KERSHAW COUNTY, SC — Thousands turned out Saturday for the annual Marion du Pont Scott Colonial Cup at the Springdale Race Course in Camden.
“I think this is the biggest attendance we’ve had yet,” said Teri Leigh Teed, assistant director for the Carolina Cup Racing Association.
Teed said the organization wouldn’t have final numbers for the steeplechase event, now in its 43rd year, until later in the week but suspected the turnout was due to milder weather than the cup has had in recent years.
The larger crowds also may be from those who took advantage of the cup’s salute to the armed forces. The event traditionally honors members of the military with free passes, and this year was no different.
The cup issued 3,000 general-admission passes and an additional 500 parking spaces to those stationed at area military bases.
While the Carolina Cup – the racing association’s Spring counterpart – has been known to draw crowds of 65,000 or more, the Colonial Cup is smaller in size but still well-attended, typically bringing in crowds of about 10,000-15,000 or more.
“We love it,” said Susan Mason, of Rock Hill.
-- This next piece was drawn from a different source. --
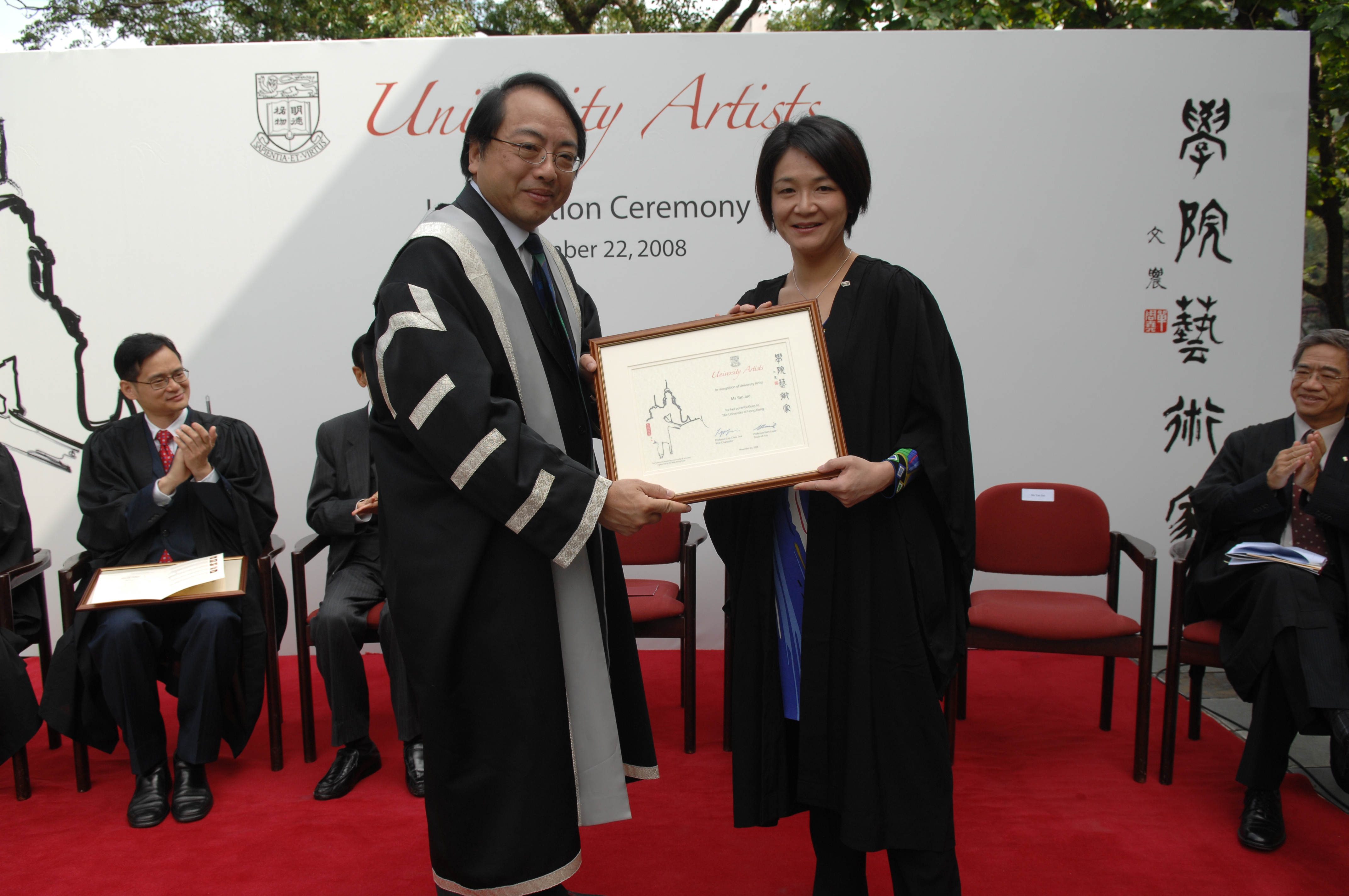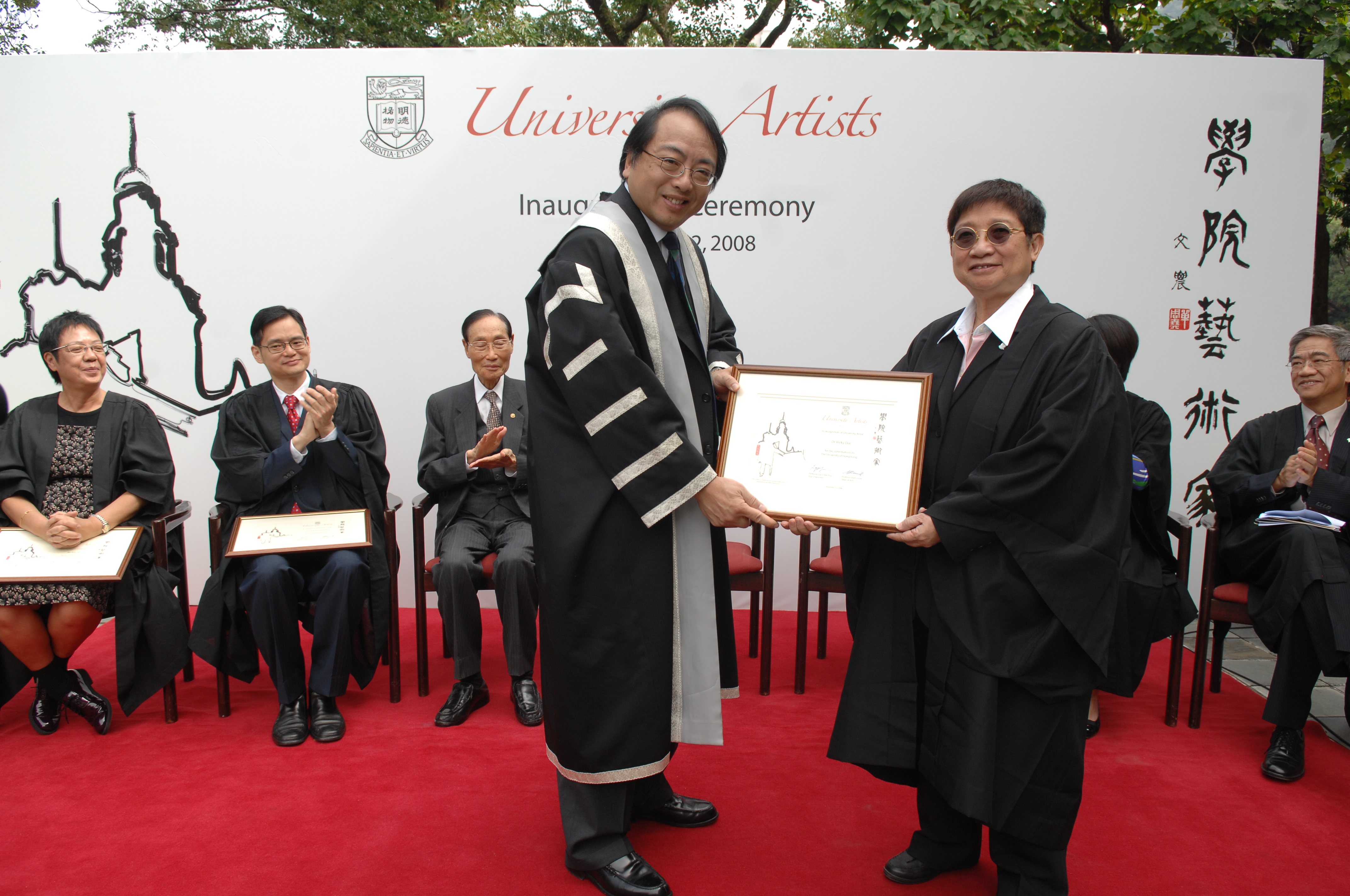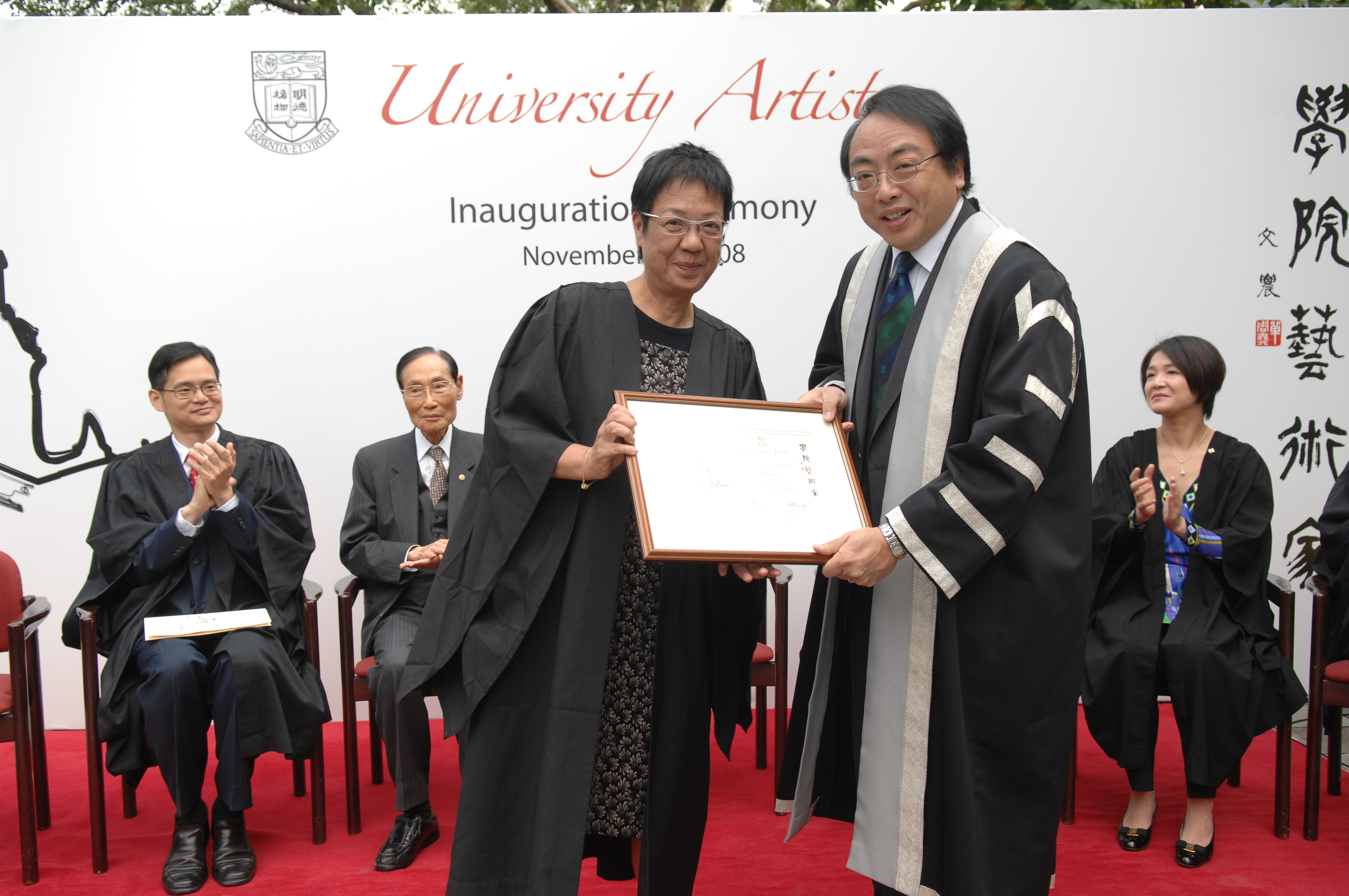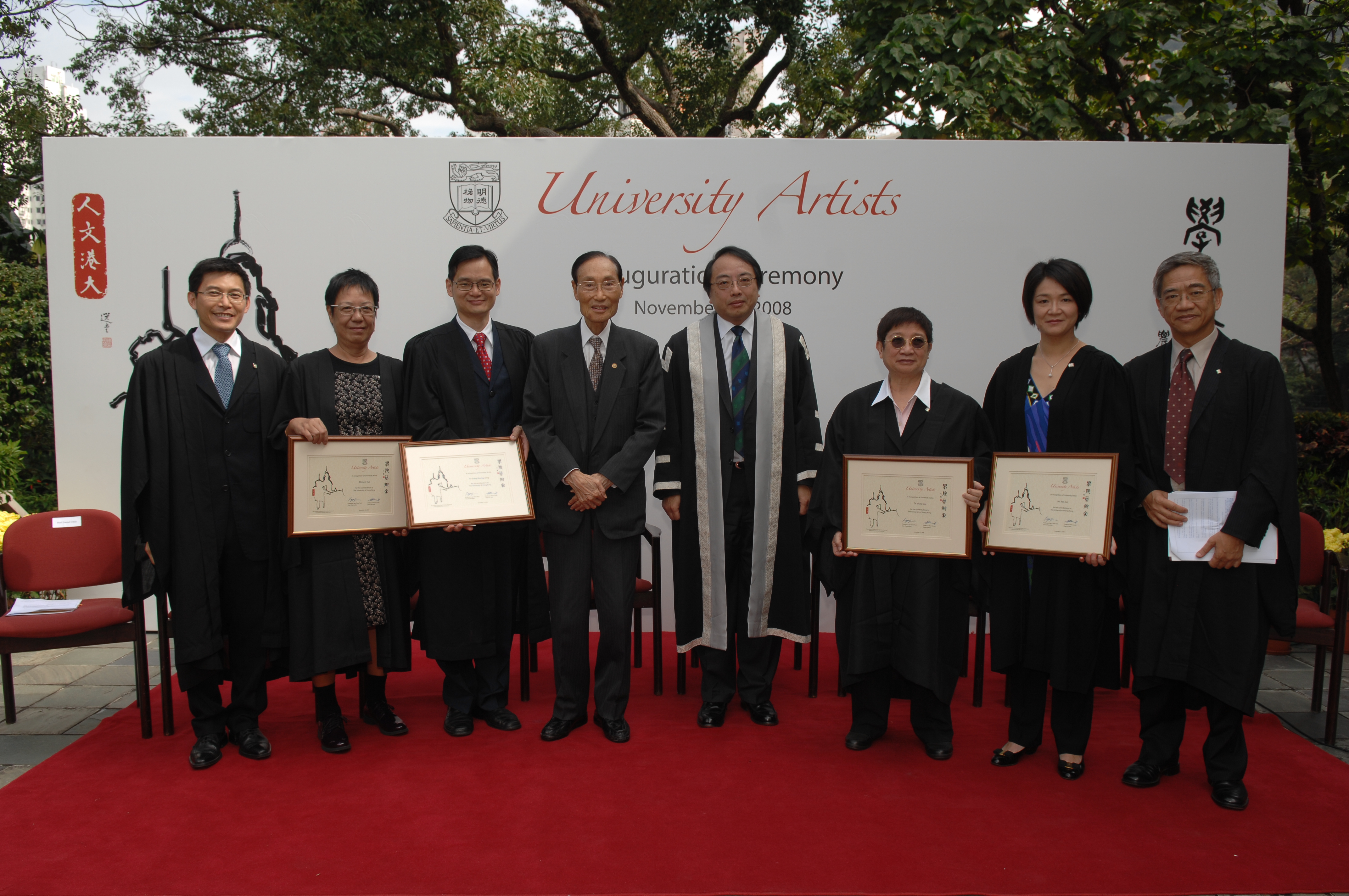 The University of Hong Kong (HKU) launched the University Artists Scheme (the Scheme) in an inauguration ceremony today. The Scheme focuses on artists of an international caliber. Five renowned artists from the Drama, Film and Music disciplines were appointed as University Artists for 2008 - 2010. They are Mr Peter Ho-sun Chan (Filmmaker), Ms Ann On-wah Hui (Filmmaker), Ms Jue Yao (Violinist), Dr Heung-wing Lung (Percussionist) and Dr Vicki Ooi (Drama Educator /Theatre Director). The scheme is hosted by the Faculty of Arts and supported by the Wah Ching Fund. The inauguration ceremony was officiated by HKU Vice-Chancellor Professor Lap-Chee Tsui in the presence of Dean of Arts Professor Kam Louie, Head of School of Humanities Prof. Daniel Chua and various guests.

Mason had driven from the Upstate along with her father, Bo Lowry, to join her sister, Cecilia Stevenson, and about 16 others from the Fort Mill and Rock Hill areas. Throw in a group from Camden and the tailgating party had swelled to more than 30.
“It’s not as crowded. It’s friendly. And it’s easier to speak to people,” she said.
A longtime regular at the races, Mason says the cup has given her a chance to “really get to know the Camden crowd.”
The Camden connection? Cecilia’s husband, Leslie, is a local.
“So, once a year, you get to say ‘hey’ and give them all a big hug,” she said.
Also in the infield Saturday were Vicki and Robert Havens of Camden. The Havenses and about two dozen family members, friends and neighbors had set up several tables overflowing with platters of oysters, jalapeño poppers, barbecue, chicken, ham and finger foods.
“I think we’ve covered all the bases,” said Vicki Havens.
The lavish gathering, which now serves as the family’s Thanksgiving, was brought to the race course early Saturday morning in three truckloads.
“Now, getting it all back in the truck is when the real fun starts,” she said.